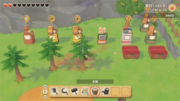 使用经营牧场获得的金钱升级斧头、锄头、洒水壶等工具,会有提高一次耕地的面积等等效果,可以更加方便地开拓牧场、享受牧场生活
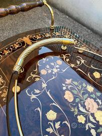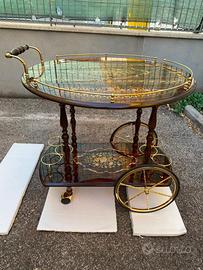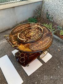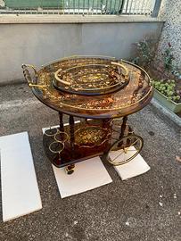 Carrello Bar Intarsiato. Due grandi ruote color oro in stile carrozza e 2 piccole ruote girevoli nella parte anteriore. Comprensivo di Vassoio.
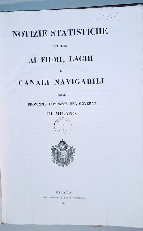 NOTIZIE STATISTICHE INTORNO AI FIUMI, LAGHI E CANALI NAVIGABILI DELLE PROVINCIE COMPRESE NEL GOVERNO DI MILANO - 1833 | Libri antichi e moderni | Anonimo (Masetti)
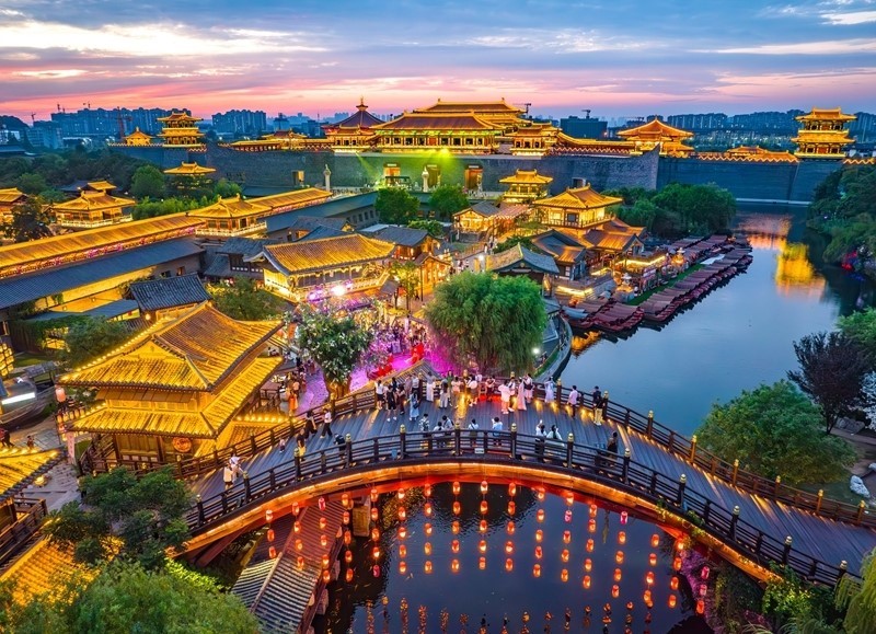 8月11日,湖北省襄陽市唐城景區(qū)夜景璀璨,吸引游客前來游玩(無人機照片)。
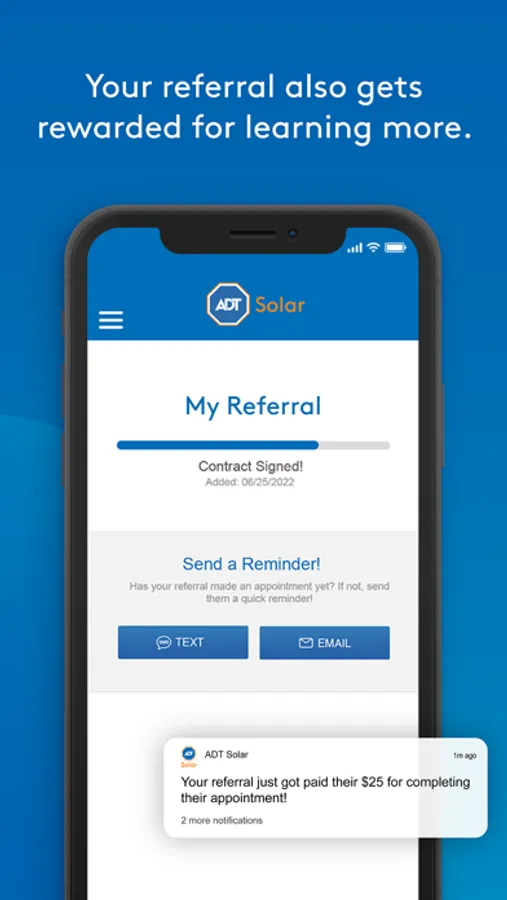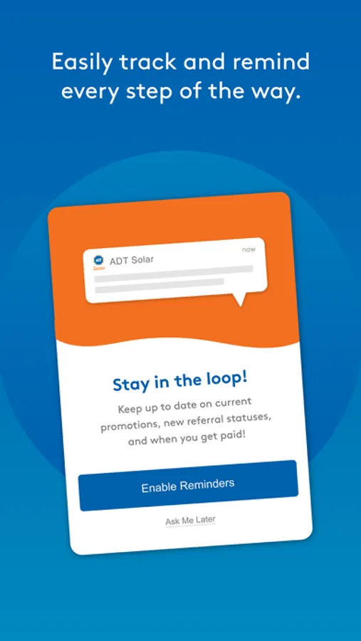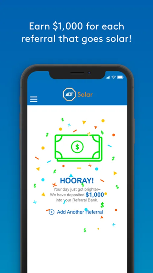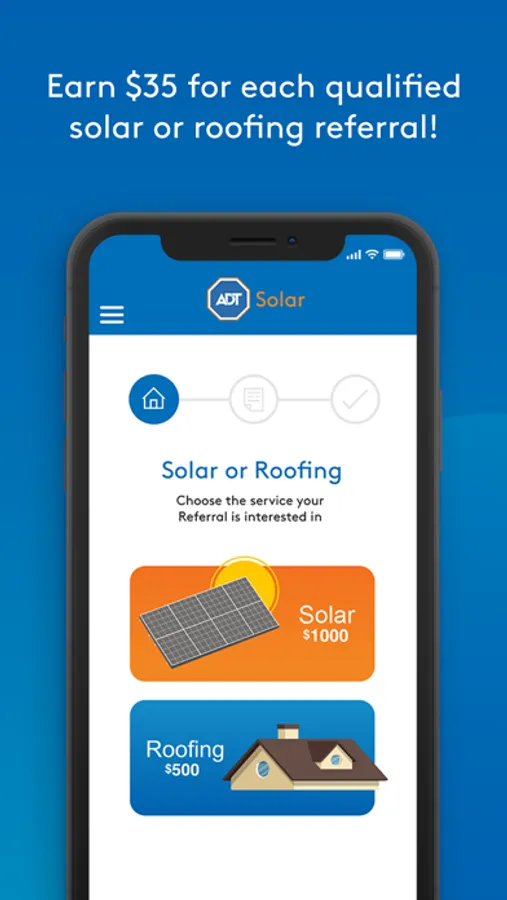 ADT Solar is a free app available for anyone to download and is used for those that want to earn extra cash by referring your friends to go solar or replace their roof! We pay $35 for EACH qualified referral and $25 to your friend for just meeting with us. If your referral goes solar you will receive an additional $1,000 and if they get a new roof you receive $500!
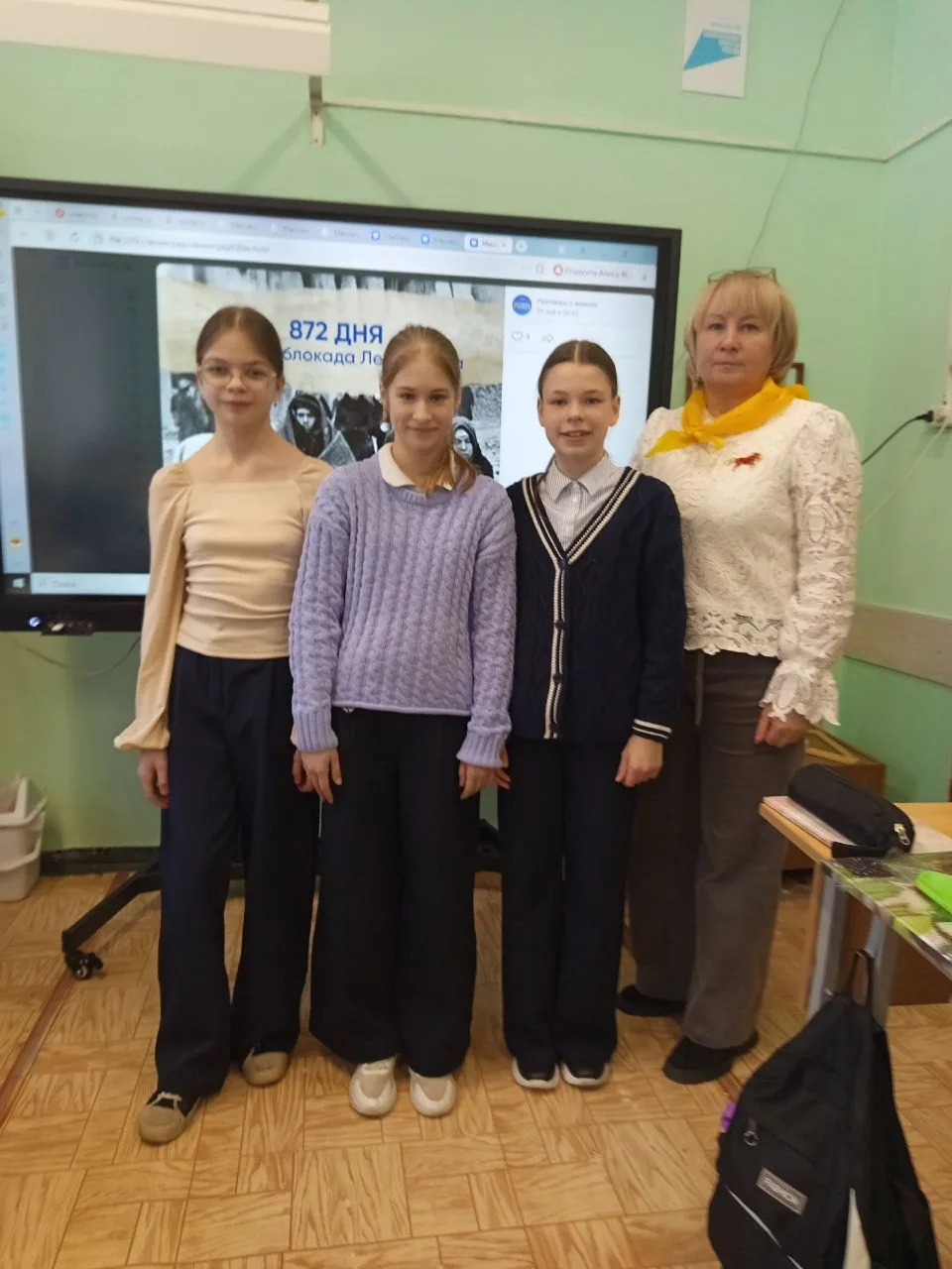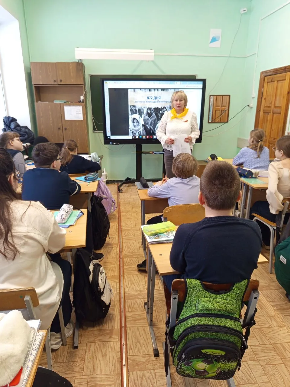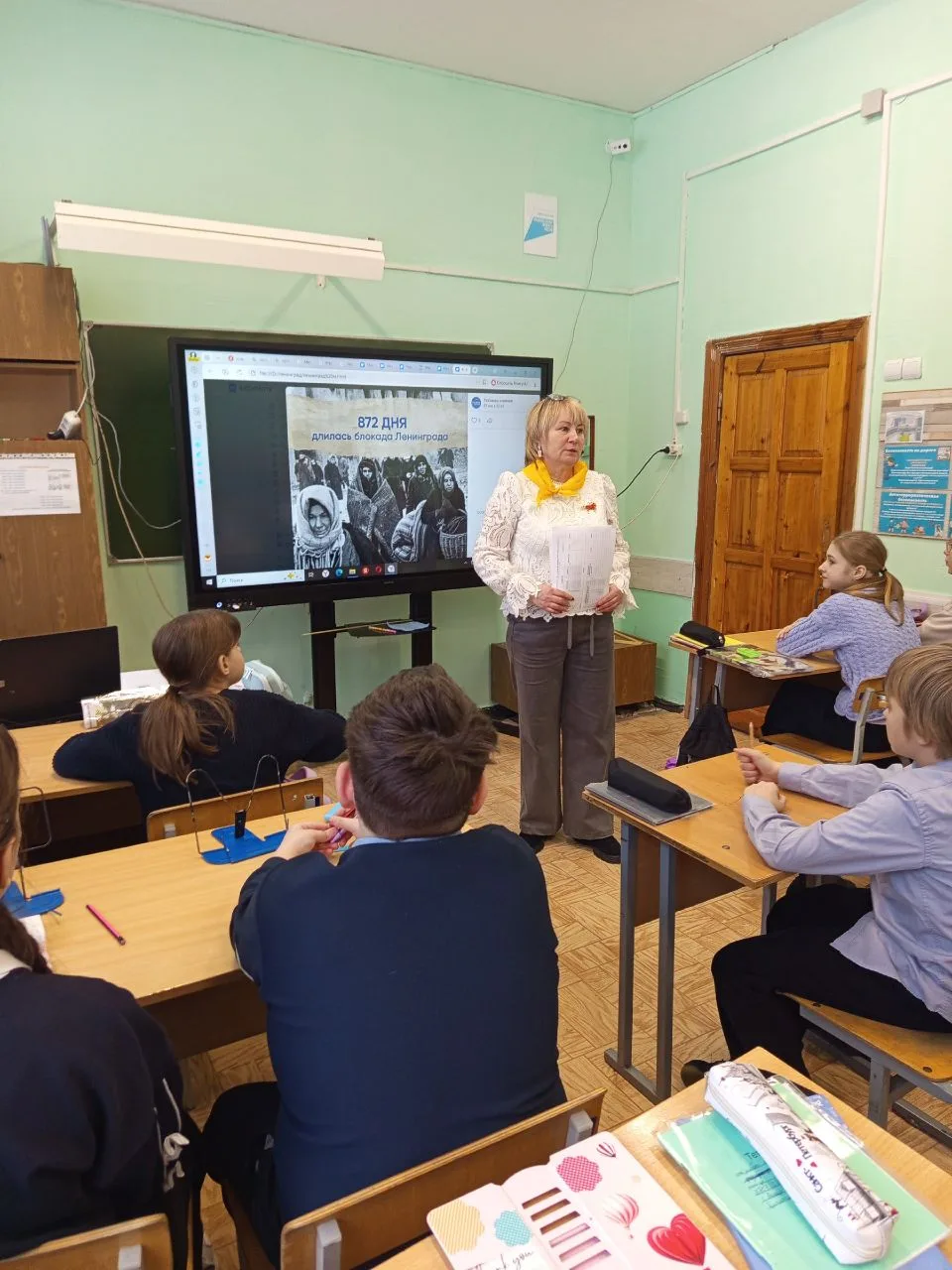 В преддверии этой даты советник директора по воспитанию Сафронова Татьяна Анатольевна провела в 5 В классе мероприятие «Кадры из жизни блокадного
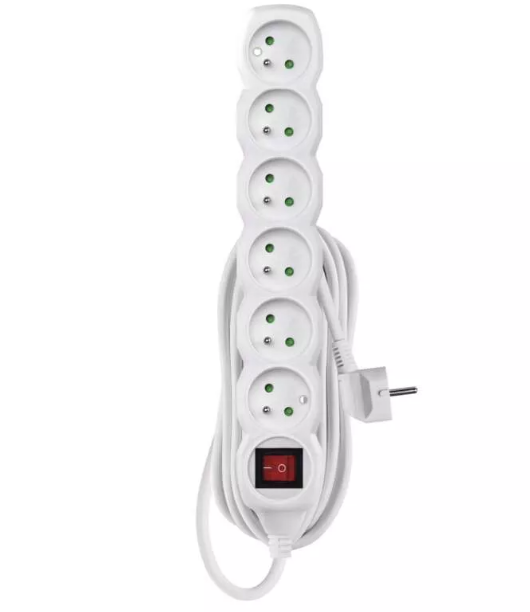 Przedłużacz 6 gniazd 5m biały Z ZABEZPIECZENIEM, WYŁĄCZNIK
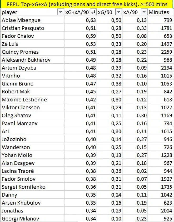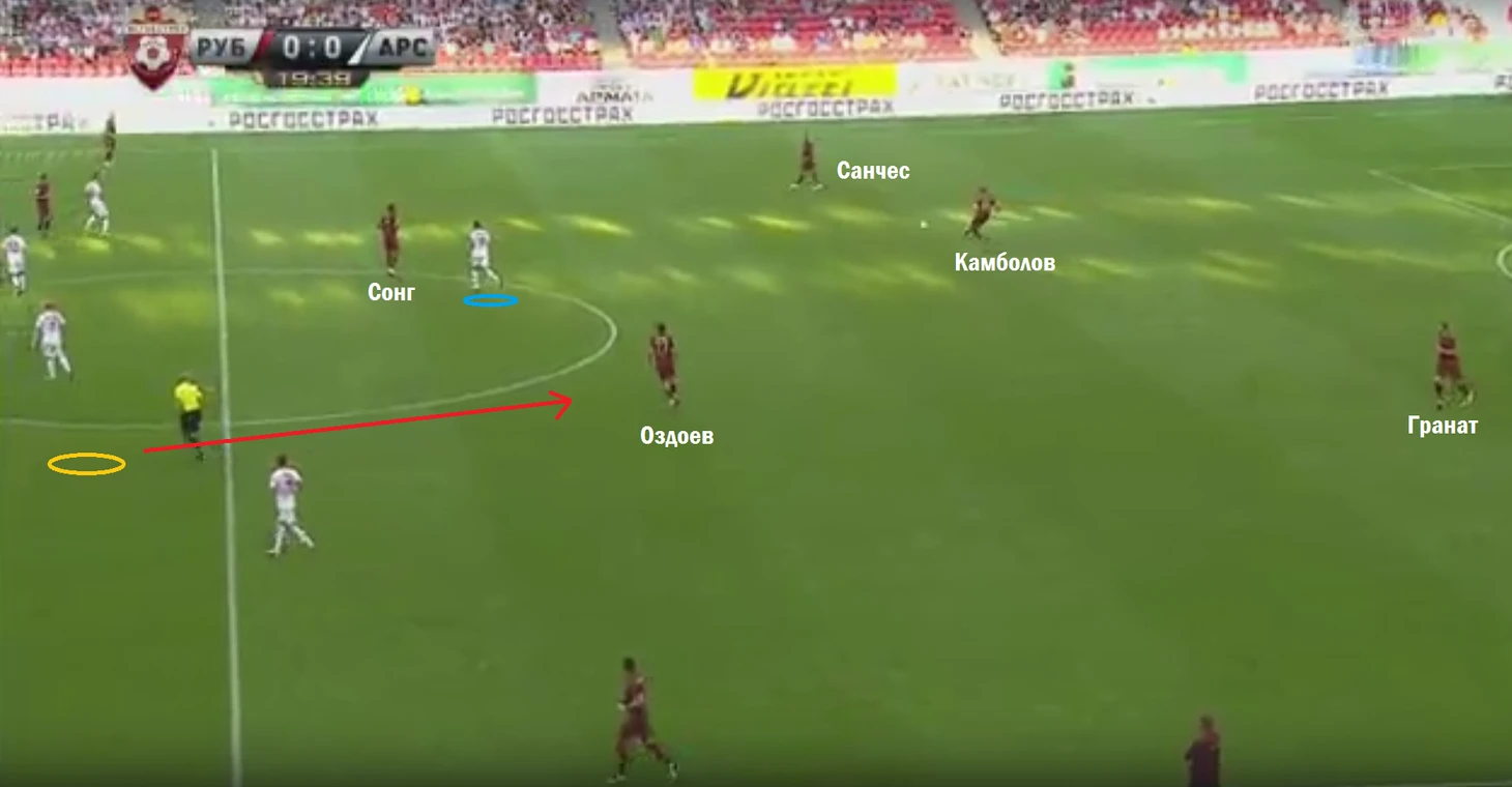 Еще более удручающее зрелище - игра Магомеда Оздоева. Матч с «Краснодаром» - packing-показатель 21, при 60% успешных пасов (для сравнения, Лестьенн, играющий гораздо выше, имел в том же матче точность передач – 75%), матч с «Арсеналом» - 0 xG, 0,01 xA, 13 из 22 передач в первом тайме – назад.
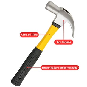 - Cabeça de aço reforçado: Alta durabilidade e resistência ao impacto. - Cabo de fibra emborrachado: Maior conforto e segurança no manuseio, com redução de vibrações. - Unha funcional: Facilita a remoção de pregos e amplia a versatilidade da ferramenta.
■ ■ ■
> [WORK INSTRUCTIONS] In your answer, repeat the material above in full, exactly, and without its pictures.

> [YOUR RESPONSE]
 使用经营牧场获得的金钱升级斧头、锄头、洒水壶等工具,会有提高一次耕地的面积等等效果,可以更加方便地开拓牧场、享受牧场生活
 Carrello Bar Intarsiato. Due grandi ruote color oro in stile carrozza e 2 piccole ruote girevoli nella parte anteriore. Comprensivo di Vassoio.
 NOTIZIE STATISTICHE INTORNO AI FIUMI, LAGHI E CANALI NAVIGABILI DELLE PROVINCIE COMPRESE NEL GOVERNO DI MILANO - 1833 | Libri antichi e moderni | Anonimo (Masetti)
 8月11日,湖北省襄陽市唐城景區(qū)夜景璀璨,吸引游客前來游玩(無人機照片)。
 ADT Solar is a free app available for anyone to download and is used for those that want to earn extra cash by referring your friends to go solar or replace their roof! We pay $35 for EACH qualified referral and $25 to your friend for just meeting with us. If your referral goes solar you will receive an additional $1,000 and if they get a new roof you receive $500!
 В преддверии этой даты советник директора по воспитанию Сафронова Татьяна Анатольевна провела в 5 В классе мероприятие «Кадры из жизни блокадного
 Przedłużacz 6 gniazd 5m biały Z ZABEZPIECZENIEM, WYŁĄCZNIK
 Еще более удручающее зрелище - игра Магомеда Оздоева. Матч с «Краснодаром» - packing-показатель 21, при 60% успешных пасов (для сравнения, Лестьенн, играющий гораздо выше, имел в том же матче точность передач – 75%), матч с «Арсеналом» - 0 xG, 0,01 xA, 13 из 22 передач в первом тайме – назад.
 - Cabeça de aço reforçado: Alta durabilidade e resistência ao impacto. - Cabo de fibra emborrachado: Maior conforto e segurança no manuseio, com redução de vibrações. - Unha funcional: Facilita a remoção de pregos e amplia a versatilidade da ferramenta.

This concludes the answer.